• Study material
_____

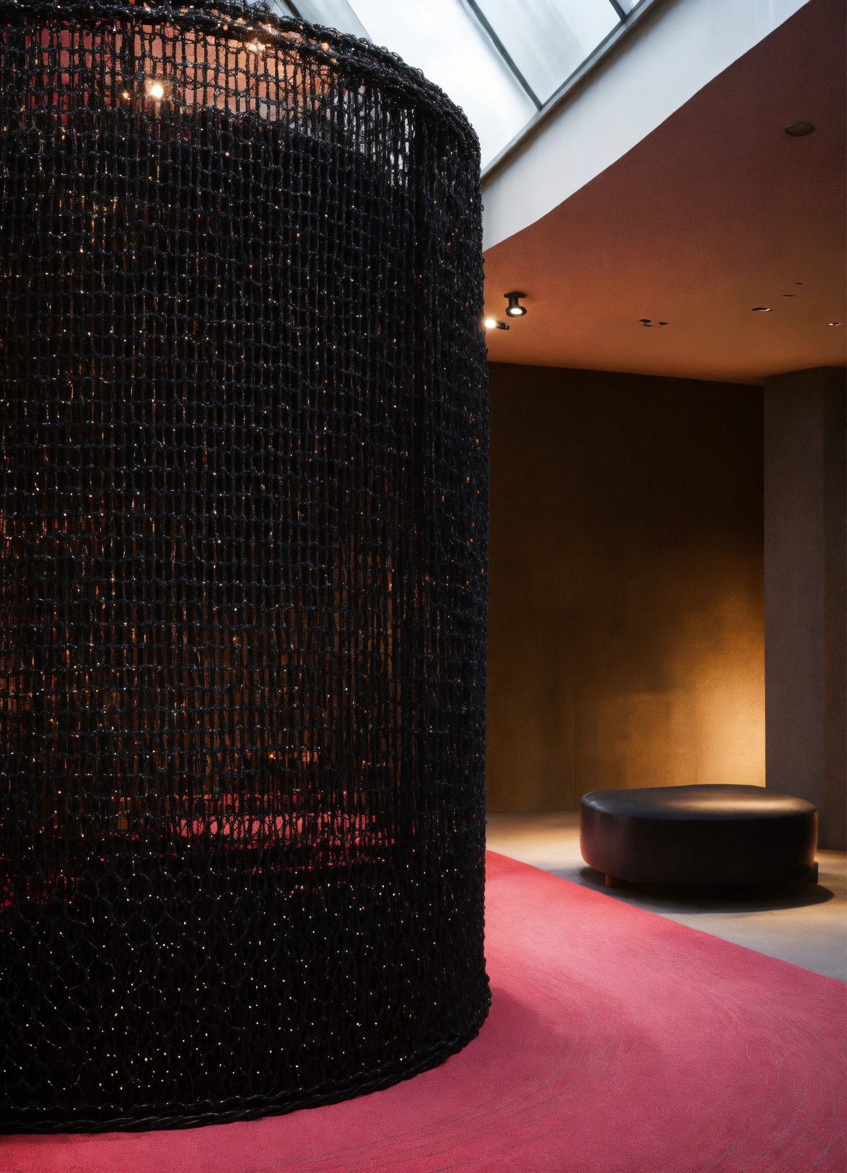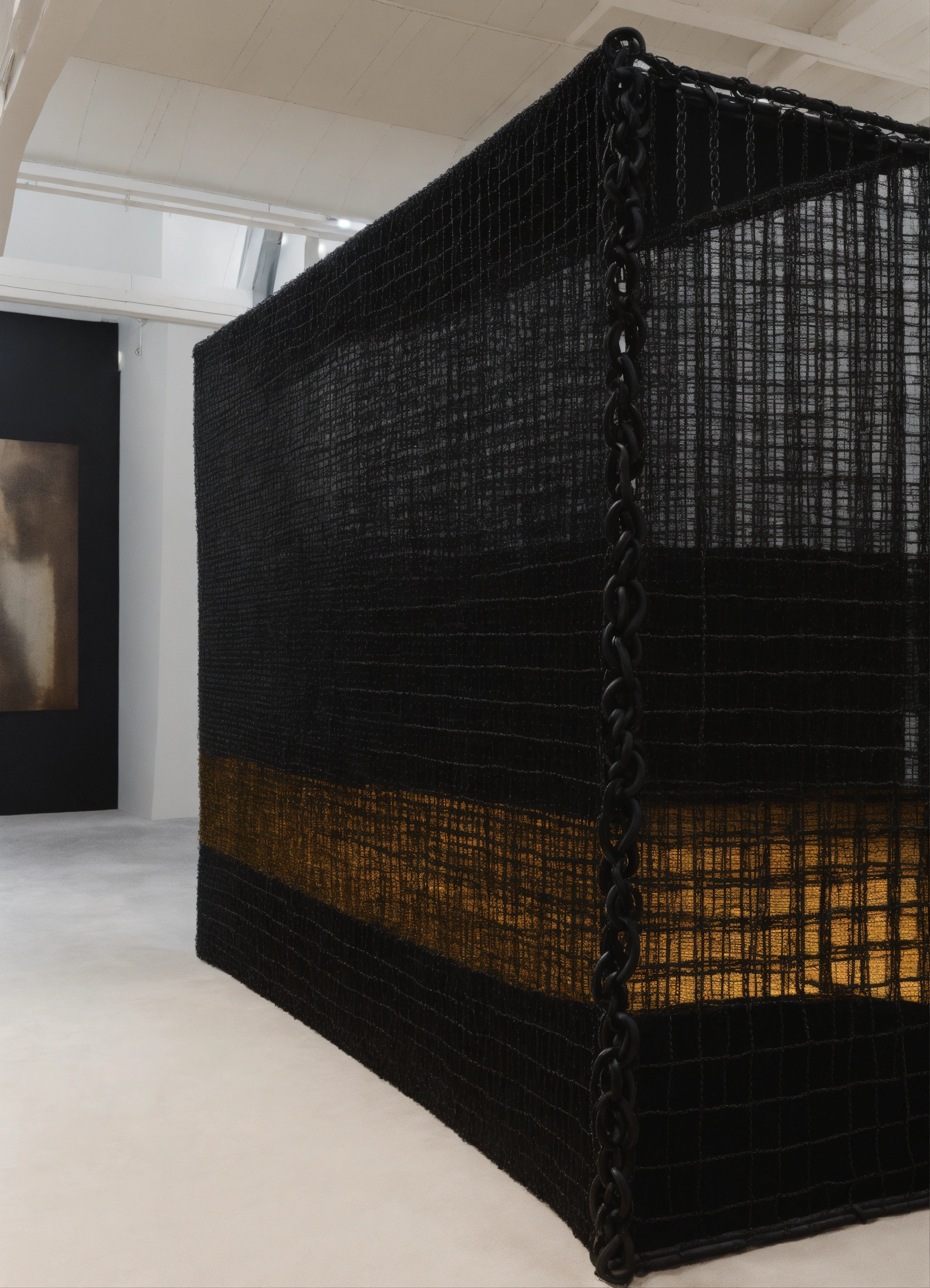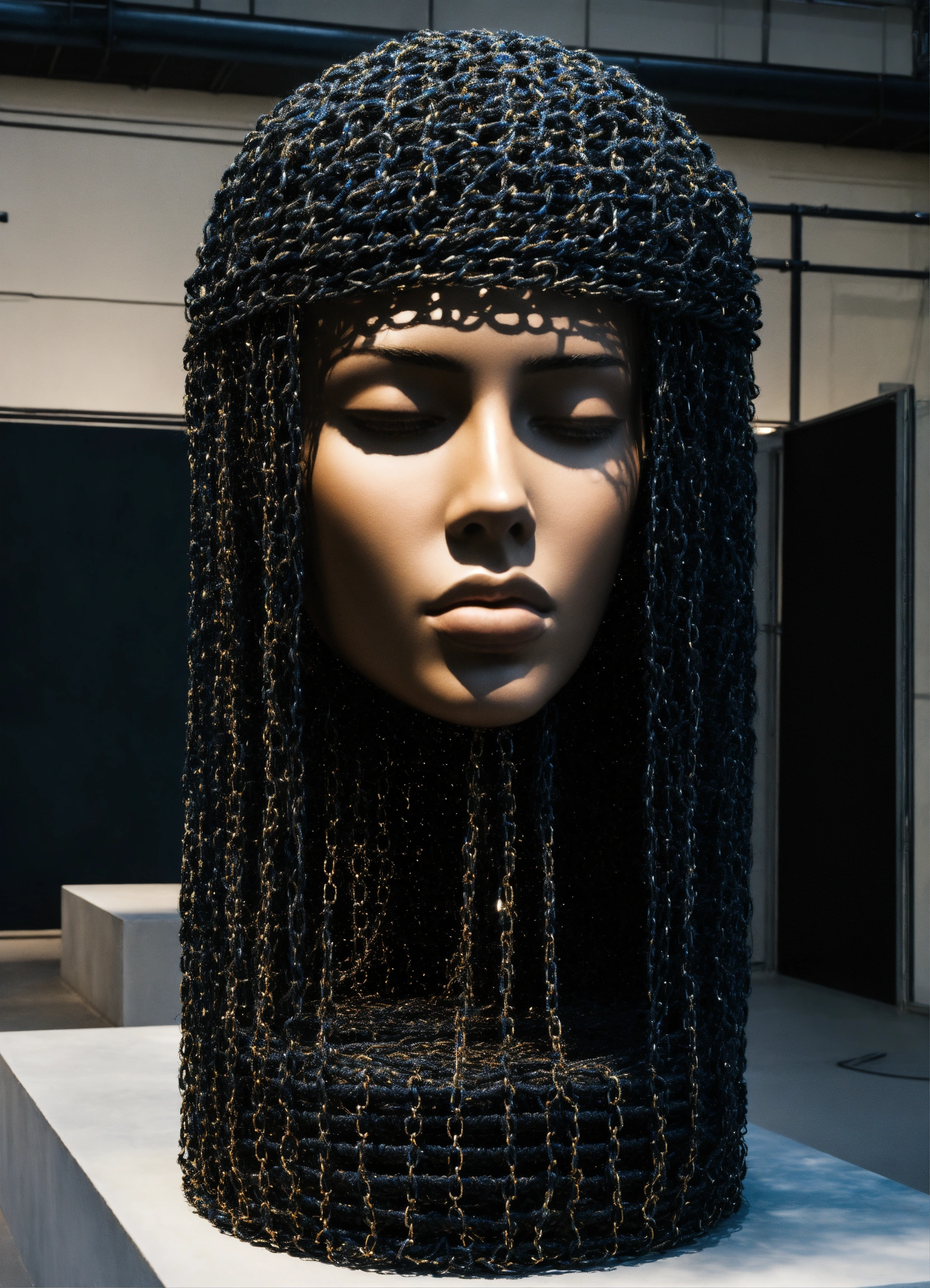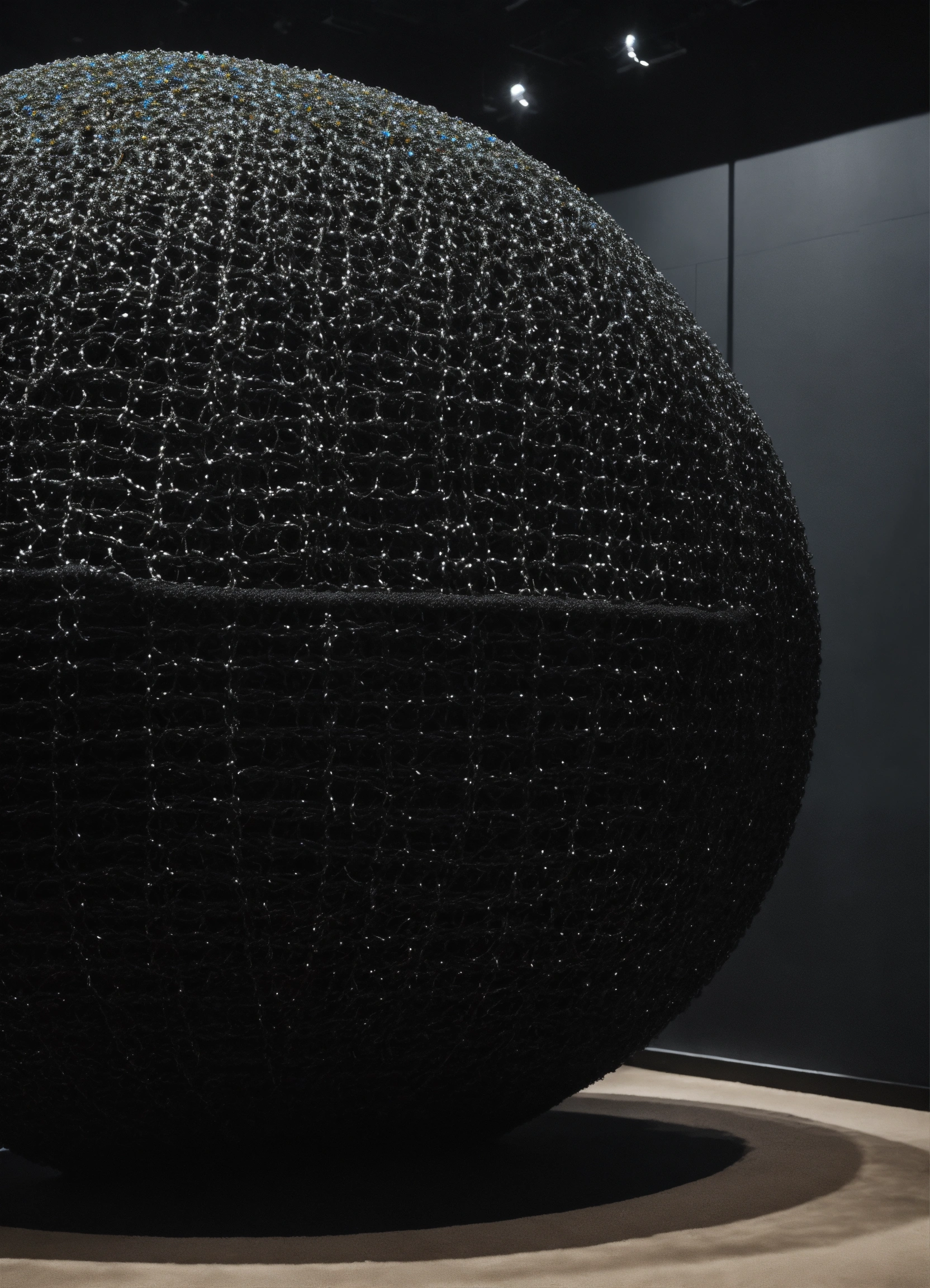 Black pressure stone sculpture indoor arena chains tweed haute couture weave tinted glass
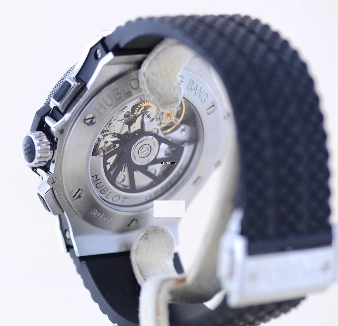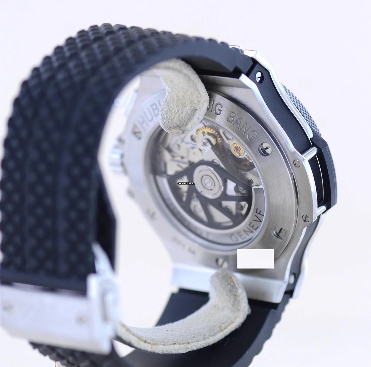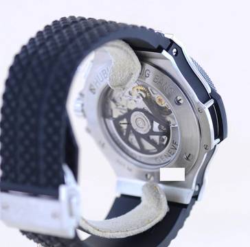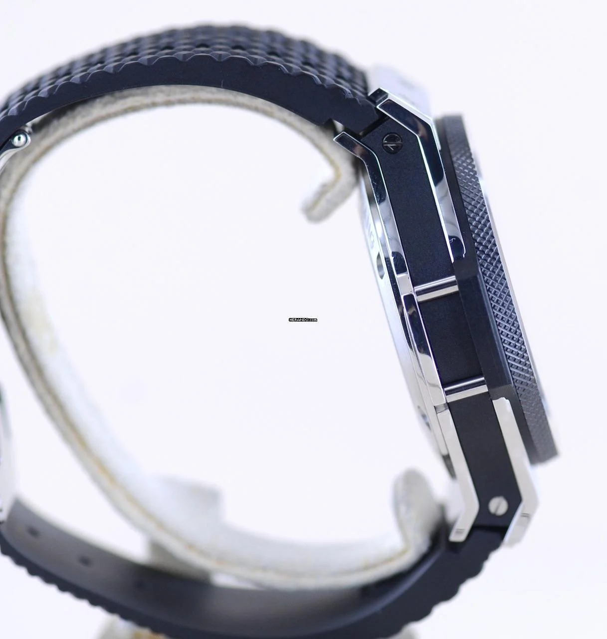 Obwohl die Uhr von den Dimensionen her nicht gerade klein ist, trägt sie sich super angenehm. Das perfekte Kautschukband verschmilzt förmlich mit dem Handgelenk. Die Hublot macht sich bestens am Handgelenk und steht für sportlichen, extravaganten Luxus. Das geniale, schwarze Blatt hat eine coole Oberfläche und verfügt über Leuchtindizes und Leuchtzeiger, der es auch nachts gut ablesbar machen. Das Datum, welches der Uhr ihre Alltagstauglichkeit verleiht, befindet sich dezent zwischen 4 und 5.
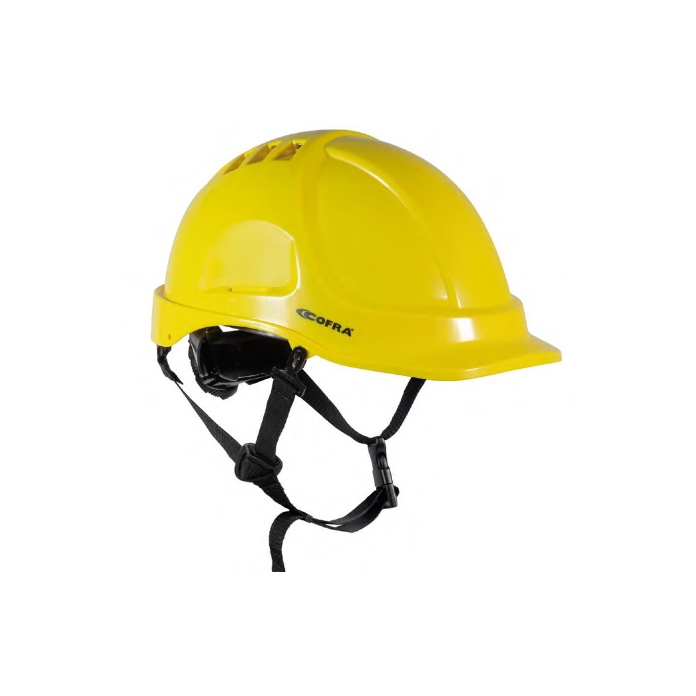 Cofra Litess Vent helmet: lightweight, ventilated, and fully adjustable, with 6-point harness and Euroslot for PPE integration. Complies with EN 397:2012+A1:2012.
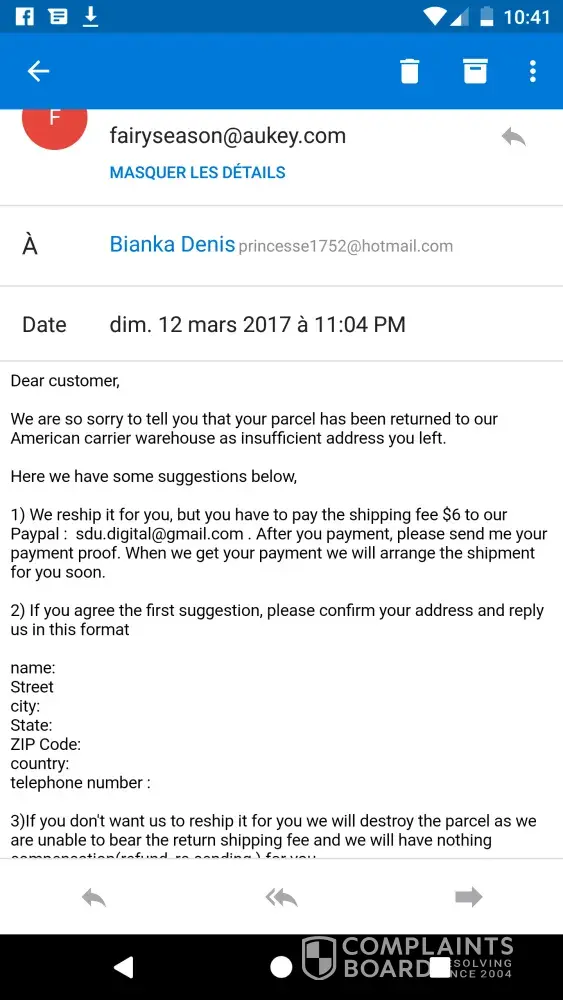 On March 12th, more than a month after my order, you told me that my package was at your warehouse and that I had to pay $ 6 more for my package.
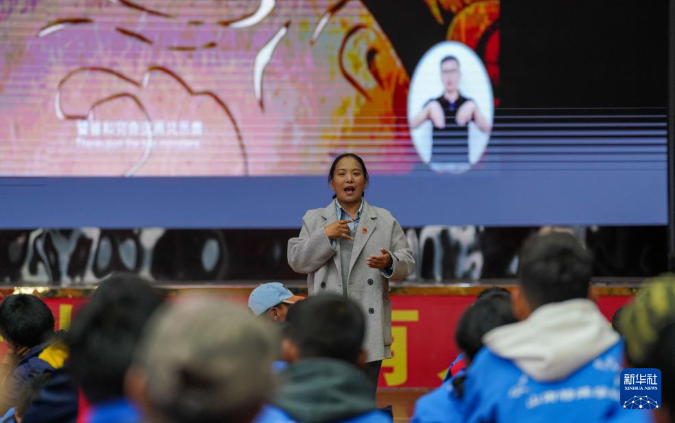 4月17日,西藏山南市特殊教育學(xué)校手語老師向聽障孩子們介紹當(dāng)日活動(dòng)內(nèi)容。新華社記者 晉美多吉 攝
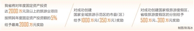 在固定资产投资奖励方面,我省将对年度固定资产投资2000万元及以上的旅游业项目,按照其年度固定资产投资额的5%给予最高2000万元奖励。

_____

• Required action
Only an exact copy of the lines from the one with "Cofra Litess Vent" through the last line of the data above is wanted, and no pictures.

• Output for this task
 Cofra Litess Vent helmet: lightweight, ventilated, and fully adjustable, with 6-point harness and Euroslot for PPE integration. Complies with EN 397:2012+A1:2012.
 On March 12th, more than a month after my order, you told me that my package was at your warehouse and that I had to pay $ 6 more for my package.
 4月17日,西藏山南市特殊教育學(xué)校手語老師向聽障孩子們介紹當(dāng)日活動(dòng)內(nèi)容。新華社記者 晉美多吉 攝
 在固定资产投资奖励方面,我省将对年度固定资产投资2000万元及以上的旅游业项目,按照其年度固定资产投资额的5%给予最高2000万元奖励。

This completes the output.